(RECORDS TO USE)
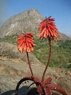In the center of the lawn, a large rock protruded above the ground and was unable to be removed despite much digging.[2][3] In 1916, Christian's farm surveyor went to a hill close by, uprooted an Aloe cameronii, and planted it "to hide the stark appearance of this unsightly rock".[2][3] When the plant flowered the next year despite no watering, Christian was so pleased that he decided to focus on gardening native African aloes instead of imported plants.[2][3] From 1916 on, numerous rockeries were constructed and more and more aloes were acquired for the garden.[1][2]
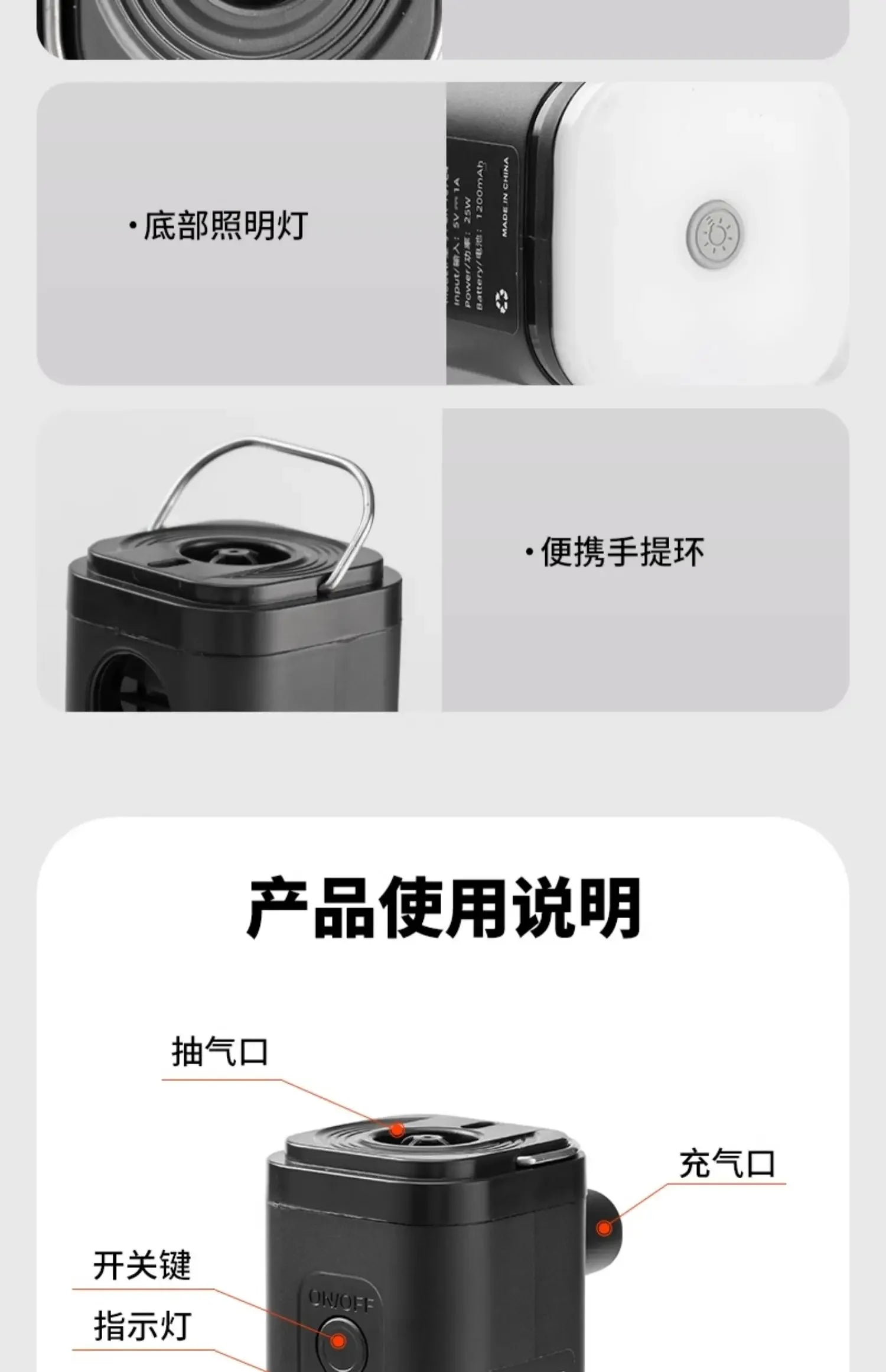 Performance metrics show practical versatility: a lab-tested 1200mAh battery delivers enough power to inflate 8 airbeds per charge, roughly doubling the runtime of many comparable pumps. The device supports up to 20 PSI, making it suitable for car tires and household inflatables, while staying quiet at under 65 dB. Deflate mode saves up to 50% of storage space when packing vacuum-sealed bags, and the integrated camping light (Normal/High/SOS) adds emergency visibility on outdoor trips. Charging completes in 2–3 hours, ensuring you’re ready for your next adventure quickly.
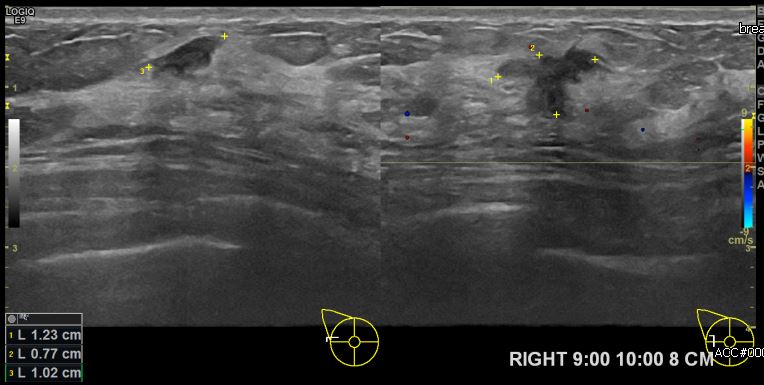 상기환자 양측 유방의 멍울로 내원하신 50대 여성분으로 본원 초음파상 우측 9시에서
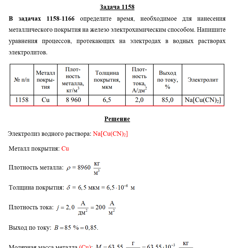 Задача 1158 - определите время, необходимое для нанесения металлического покрытия на железо электрохимическим способом. Напишите уравнения процессов, протекающих на электродах в водных растворах электролитов.
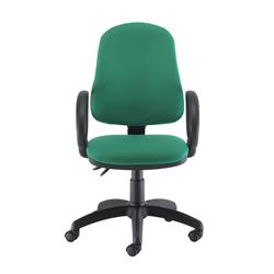 Comfy and versatile high back operator chair with a PCB mechanism and fixed arms. Deep cushioned seat and back upholstered in a tough wearing fabric. Permanent contact back (PCB) ensures user comfort for up to 8 hours. Green
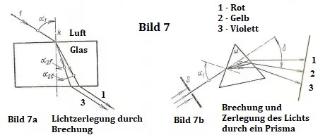 In Abbildung 7, Beispiel 7a, ist der Effekt dargestellt, der als Lichtbrechung bekannt ist. Ein Lichtstrahl, der auf den Rand einer Glasscheibe trifft, stößt auf eine Schicht verdichteter Energie und regt sie an. Verschiedene Lichtfarben haben unterschiedliche Frequenzen; zum Beispiel werden Rot und Violett in unterschiedliche Richtungen gebogen. Wenn der Strahl die Glasschicht verlässt, erhöht sich die Lichtgeschwindigkeit wieder auf ihre ursprüngliche Geschwindigkeit. Durch die Schicht verdichteter Energie werden die Richtungen der Strahlen neu ausgerichtet, und beide Farben setzen ihren Weg parallel fort. In Abbildung 7, Beispiel 7b, sind die Schichten verdichteter Energie unterschiedlich ausgerichtet, was zu einer größeren Streuung der Farben und zur Erzeugung eines sichtbaren Farbspektrums führt.
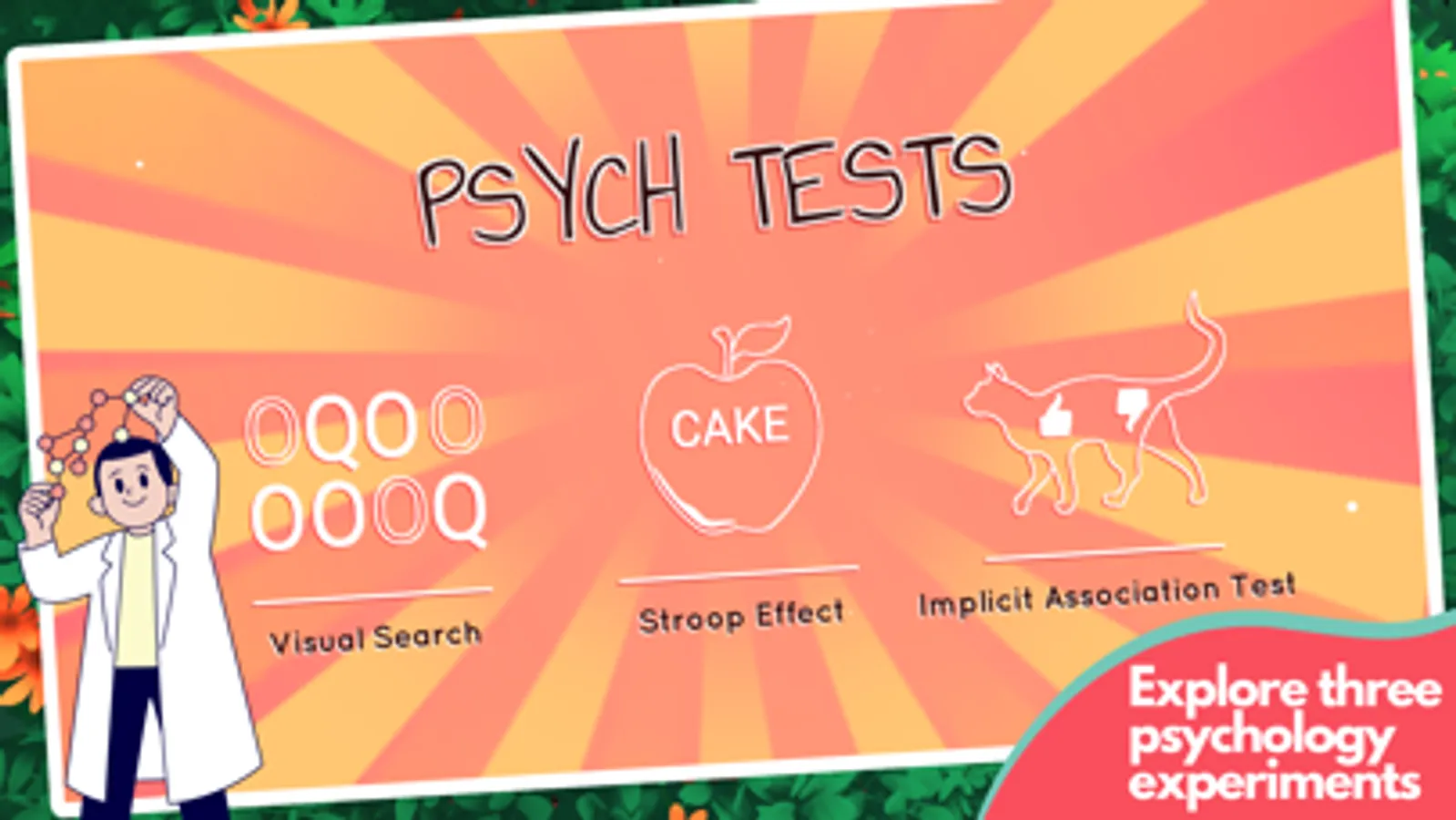 Run classic psychology experiments with Psych tests. Test your reaction speed with the Stroop Effect word game, explore the effects of distractors in the Visual Search mini game, and learn about unconscious biases in the Implicit Association Test.
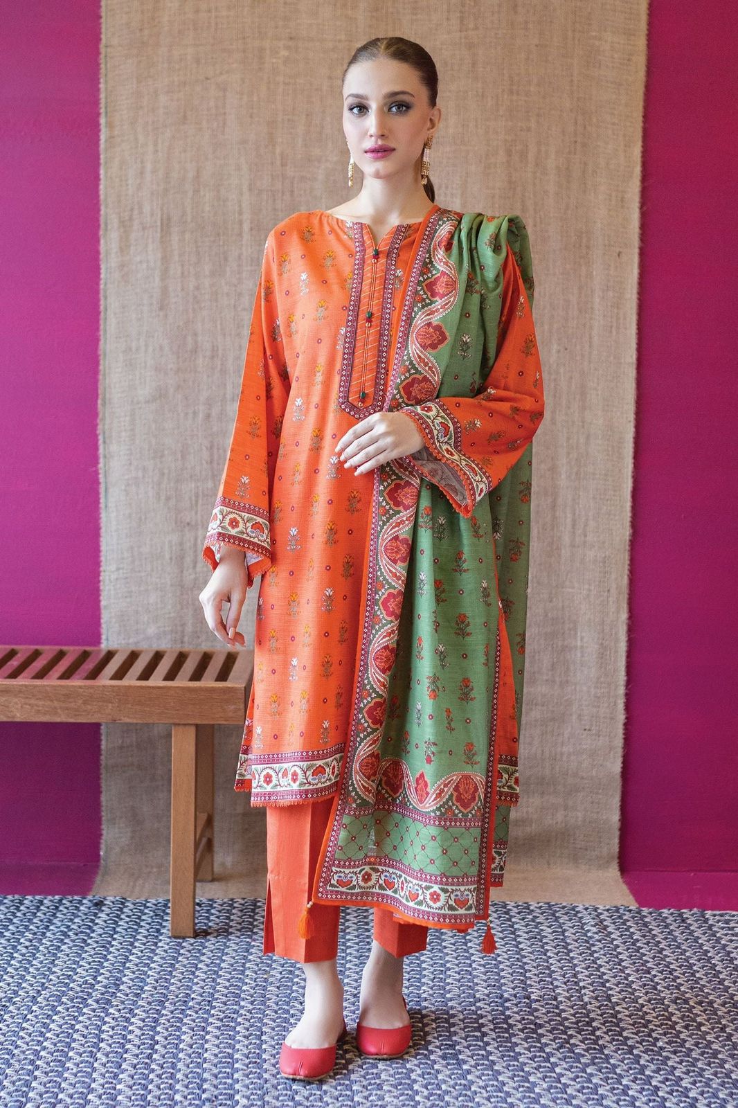 - Dupatta Material: Luxurious wool shawl, adding a touch of sophistication. Its soft texture and vibrant design complement the outfit beautifully, making it ideal for casual and formal occasions.
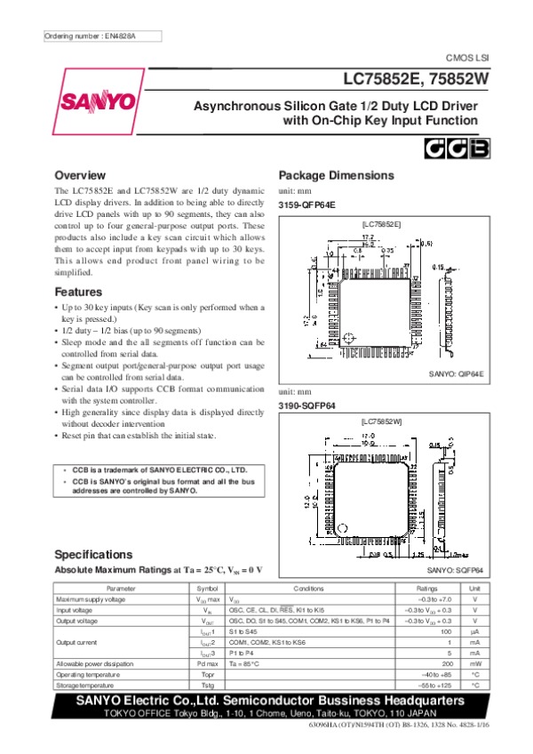 Datasheet LC75852W:
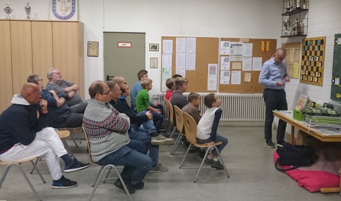 In der Serie "Training mit dem Meister" gab es am Samstag, 10.11.18 eine zweite "Masterclass" mit GM Davor Rogić. Diesmal war auf Vorschlag aus der Teilnehmerseite das Thema "Das Läuferopfer auf h7/h2". Großmeister Rogić erläuterte die notwendigen Strukturen, aus welchen Eröffnungen diese entstehen können und welche Verteidigungswege der Angreifer berechnen muss. Er zeigte einige Sonderfälle, die man ebenfalls kennen sollte. Die Theorie war stets mit praktischen Beispielen unterfüttert. Anschließend hatten alle Teilnehmer die Gelegenheit, gegen den Großmeister zu blitzen. Rogić ließ keinen der Anwesenden unberücksichtigt. Mit diesmal 15 Teilnehmern war es auch gleichzeitig Teilnehmerrekord in der Meister-Trainingsserie.
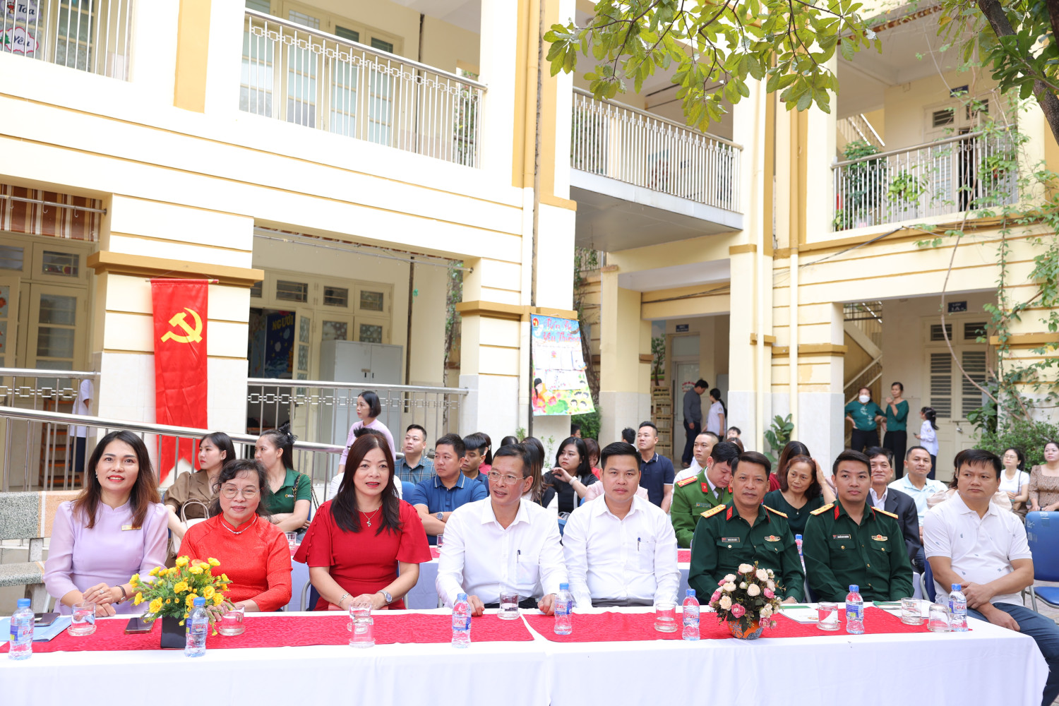 Buổi lễ với sự tham dự của các cựu giáo viên, đại diện UBND Phường, đại diện học viên quân y, bệnh viện 103, đại diện hội CMHS các lớp, 100 % CBCNV và học sinh nhà trường.
(End RECORDS TO USE)
> [WHAT TO PRODUCE]
What is needed here is an exact copy of all the entries, without the pictures.

> [ANSWER BOX]
In the center of the lawn, a large rock protruded above the ground and was unable to be removed despite much digging.[2][3] In 1916, Christian's farm surveyor went to a hill close by, uprooted an Aloe cameronii, and planted it "to hide the stark appearance of this unsightly rock".[2][3] When the plant flowered the next year despite no watering, Christian was so pleased that he decided to focus on gardening native African aloes instead of imported plants.[2][3] From 1916 on, numerous rockeries were constructed and more and more aloes were acquired for the garden.[1][2]
 Performance metrics show practical versatility: a lab-tested 1200mAh battery delivers enough power to inflate 8 airbeds per charge, roughly doubling the runtime of many comparable pumps. The device supports up to 20 PSI, making it suitable for car tires and household inflatables, while staying quiet at under 65 dB. Deflate mode saves up to 50% of storage space when packing vacuum-sealed bags, and the integrated camping light (Normal/High/SOS) adds emergency visibility on outdoor trips. Charging completes in 2–3 hours, ensuring you’re ready for your next adventure quickly.
 상기환자 양측 유방의 멍울로 내원하신 50대 여성분으로 본원 초음파상 우측 9시에서
 Задача 1158 - определите время, необходимое для нанесения металлического покрытия на железо электрохимическим способом. Напишите уравнения процессов, протекающих на электродах в водных растворах электролитов.
 Comfy and versatile high back operator chair with a PCB mechanism and fixed arms. Deep cushioned seat and back upholstered in a tough wearing fabric. Permanent contact back (PCB) ensures user comfort for up to 8 hours. Green
 In Abbildung 7, Beispiel 7a, ist der Effekt dargestellt, der als Lichtbrechung bekannt ist. Ein Lichtstrahl, der auf den Rand einer Glasscheibe trifft, stößt auf eine Schicht verdichteter Energie und regt sie an. Verschiedene Lichtfarben haben unterschiedliche Frequenzen; zum Beispiel werden Rot und Violett in unterschiedliche Richtungen gebogen. Wenn der Strahl die Glasschicht verlässt, erhöht sich die Lichtgeschwindigkeit wieder auf ihre ursprüngliche Geschwindigkeit. Durch die Schicht verdichteter Energie werden die Richtungen der Strahlen neu ausgerichtet, und beide Farben setzen ihren Weg parallel fort. In Abbildung 7, Beispiel 7b, sind die Schichten verdichteter Energie unterschiedlich ausgerichtet, was zu einer größeren Streuung der Farben und zur Erzeugung eines sichtbaren Farbspektrums führt.
 Run classic psychology experiments with Psych tests. Test your reaction speed with the Stroop Effect word game, explore the effects of distractors in the Visual Search mini game, and learn about unconscious biases in the Implicit Association Test.
 - Dupatta Material: Luxurious wool shawl, adding a touch of sophistication. Its soft texture and vibrant design complement the outfit beautifully, making it ideal for casual and formal occasions.
 Datasheet LC75852W:
 In der Serie "Training mit dem Meister" gab es am Samstag, 10.11.18 eine zweite "Masterclass" mit GM Davor Rogić. Diesmal war auf Vorschlag aus der Teilnehmerseite das Thema "Das Läuferopfer auf h7/h2". Großmeister Rogić erläuterte die notwendigen Strukturen, aus welchen Eröffnungen diese entstehen können und welche Verteidigungswege der Angreifer berechnen muss. Er zeigte einige Sonderfälle, die man ebenfalls kennen sollte. Die Theorie war stets mit praktischen Beispielen unterfüttert. Anschließend hatten alle Teilnehmer die Gelegenheit, gegen den Großmeister zu blitzen. Rogić ließ keinen der Anwesenden unberücksichtigt. Mit diesmal 15 Teilnehmern war es auch gleichzeitig Teilnehmerrekord in der Meister-Trainingsserie.
 Buổi lễ với sự tham dự của các cựu giáo viên, đại diện UBND Phường, đại diện học viên quân y, bệnh viện 103, đại diện hội CMHS các lớp, 100 % CBCNV và học sinh nhà trường.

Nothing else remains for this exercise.